• _Exercise data_:
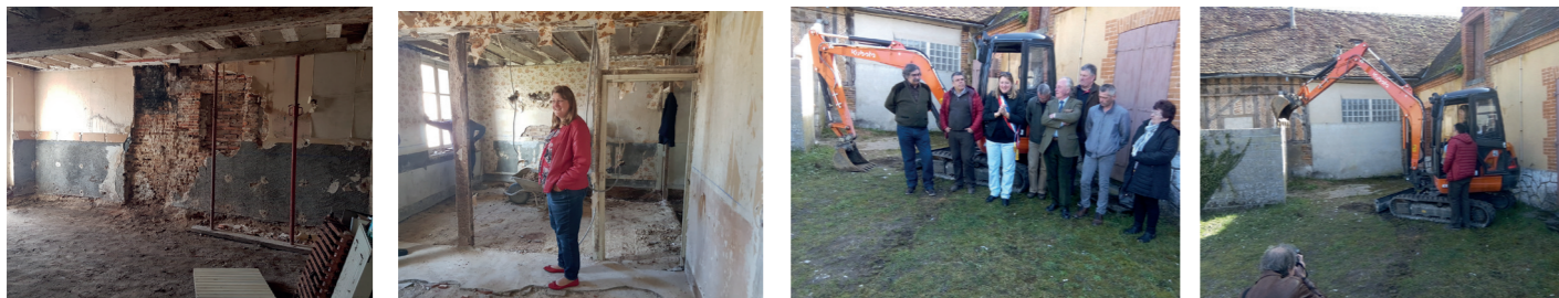
Démarrage des travaux, 1er coup de pelle donné par Mme Le Maire

Les travaux de la Maison Blanche consistant d'une part en sa réhabilitation (tranche ferme) et d'autre part en son extension (tranche optionnelle) en vue du transfert et de l'aménagement de la bibliothèque municipale et à l'avenir d'un cabinet médical sont lancés !
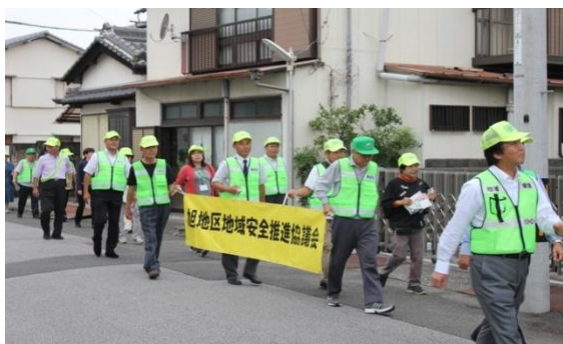
高知県安全安心まちづくり推進会議構成員による見守り活動
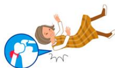
腕の付け根 (上腕骨近位端)

• _Aim of the exercise_: Go through the material line by line. Show each line that contains the string "travaux".

• _Your solution_:
Démarrage des travaux, 1er coup de pelle donné par Mme Le Maire
Les travaux de la Maison Blanche consistant d'une part en sa réhabilitation (tranche ferme) et d'autre part en son extension (tranche optionnelle) en vue du transfert et de l'aménagement de la bibliothèque municipale et à l'avenir d'un cabinet médical sont lancés !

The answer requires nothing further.